The other inequality: how the state spends our money

Growing inequality between rich and poor across the world has rightly become the focus of much investigation and analysis. The Organization for Economic Cooperation and Development underlined the issue’s importance yesterday, reporting that income inequality has reached record highs in most OECD countries and remains at even higher levels in many emerging economies. In Greece, as might be expected, income inequality has worsened during the crisis, with our country showing the biggest divide among eurozone countries. In the EU as a whole, only Britain rates worse than Greece.

The comparison with Britain, however, suggests that inequality’s impact should not be measured only as the ratio between what the top 10 percent (or 1 percent) earns as opposed to the majority and the lowest 10 percent. What we should also focus on is what we pay the state and what we get in return in terms of services. Once again, Greece’s “particularities” can highlight problems that may be less visible in other societies. Immediately, we see the huge cost of the many plagues of Greece: tax evasion, inefficient bureaucracy, chaotic and often conflicting legislation, institutions’ lack of credibility and the triumph of moral hazard all conspire towards wasting the revenues that the state does gather.

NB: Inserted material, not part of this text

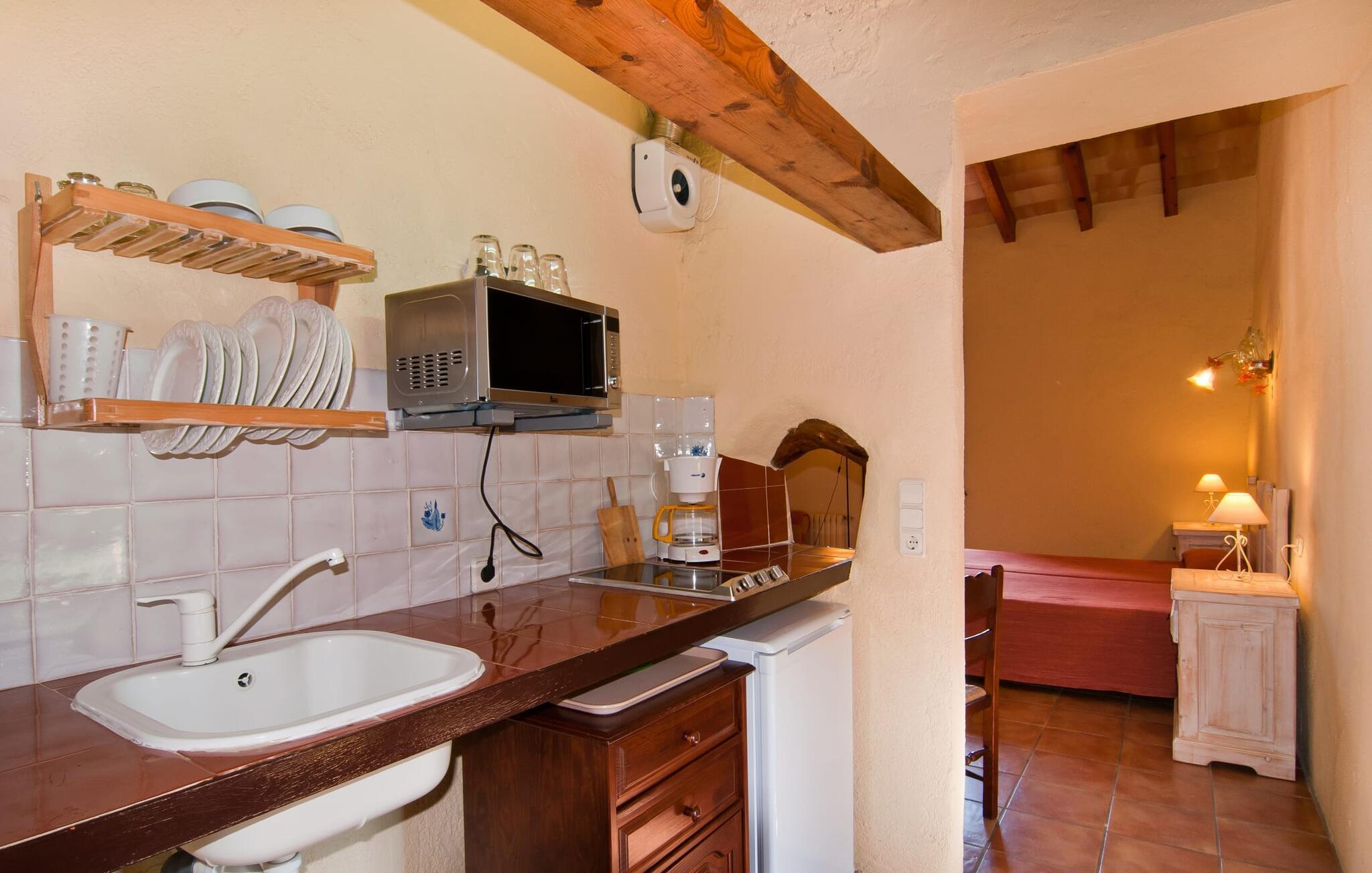 Vielleicht ist es „Sa Tabaquera“, das früher ein Trockenraum für Tabakblätter war. In Son Sureda gibt es nur noch eine einzige Tabakpflanze – vielleicht können Sie danach suchen? Ihr „Son Sureda“-Reich würde aus einem Schlafbereich mit zwei 0,9 x 2 m großen Betten, direktem Zugang zum Balkon und einem Sofa sowie einer praktischen Küchenzeile bestehen. An den Tagen, an denen Sie den ganzen Tag auf dem Anwesen bleiben möchten, können Sie in der Miniküche mit Kühlschrank, zwei Cerankochfeldern, einer Mikrowelle und einer Kaffeemaschine Snacks, Salate und kleine Mahlzeiten zubereiten. Vom Balkon (mit Tisch, Stühlen und Sonnenschirm) haben Sie eine tolle Aussicht. Gönnen Sie sich zwischendurch eine Verschnaufpause mit einem guten Buch. Und es gibt eine Reihe lohnenswerter Ziele: Stadtleben oder Meeresbrise? Von Ihrer Villa-Unterkunft aus können Sie bequem die verschiedenen Seiten der Insel erkunden. Gut 15 km entfernt warten die Strände auf Sonnenanbeter, Surfer und Familien. Das weitläufige Son Serra de Marina und der fast zwei Kilometer lange Sandstrand in Richtung Colònia de Sant Pere bieten genügend Platz, um mehr als nur ein Handtuch auszubreiten. Wenn Sie die Blautöne von oben genießen möchten, fahren Sie nach Betlem und erklimmen die 5 km zur kleinen Ermita. Selbstverständlich sind auch anspruchsvollere Routen für Wanderschuhe und Mountainbikes möglich. Die Ma-3322, die je nach Windrichtung teilweise hörbar ist, führt Sie in die Stadt Manacor für einen spontanen Ausflug in die historische Innenstadt oder zum Einkaufen auf dem Vitaminmarkt. Wenn Sie die Kathedrale in Palma besichtigen möchten, lassen Sie Ihr Auto einfach am Bahnhof stehen und nehmen Sie den Bus oder die Bahn. Ferienhaus im Grünen mit viel Natur für die Villengäste. Fühlen Sie sich wie zu Hause auf dem zwischen Schafweiden und Weinreben gelegenen Agroturismo-Anwesen „Son Sureda“, das über elf Selbstversorger-Apartments und Studios, einen großen U-förmigen Innenhof und mehrere Pools verfügt. Manacor, eine der Metropolen der Insel, ist nur 9 km entfernt. Es eignet sich ideal zum Einkaufen auf dem täglichen Obst- und Gemüsemarkt, für Ausflüge und ein entspanntes Abendessen in einem Restaurant. Und an der Badia d’Alcúdia, in Richtung Son Serra de Marina und Colònia de Sant Pere, findet man noch einige Strände, die noch nicht überfüllt sind.

This works to the detriment of those – rich and poor – who do contribute to society and benefits the cheats and freeloaders. The comparison with other countries is telling. In Greece a hard-working tax-paying, salaried employee will see more than half of his or her income going towards taxes, social security and other levies (including municipal fees, state television, taxes for third parties, and so on). Citizens of other EU countries may pay similar rates, but most of them can at least expect a reasonably high level of education and health services, and a smoothly functioning city and state. In Greece, after paying so much, we spend billions more each year on private healthcare and education for our children, while supporting a state apparatus that is scandalous not so much for its size (which is not much greater than in other EU countries) but for the burden it places on society.

The OECD report notes that improving job quality, reducing gender gaps and encouraging greater investment in education and skills are essential to tackling inequality. It stresses that high inequality is bad for growth, that it cuts into the social fabric of countries. For the past few decades, Greeks enjoyed an unprecedented level of prosperity and social equality (in the lack of a class system). But these treasures were not protected by self-discipline, by the accountability of state and other officials and by equality before the law. Before the crisis our society was riven by inequality; this was not directly related to incomes but to our relationship with each other and with the state, between each group and the whole. The road to recovery through justice is difficult. But at least now we can see it.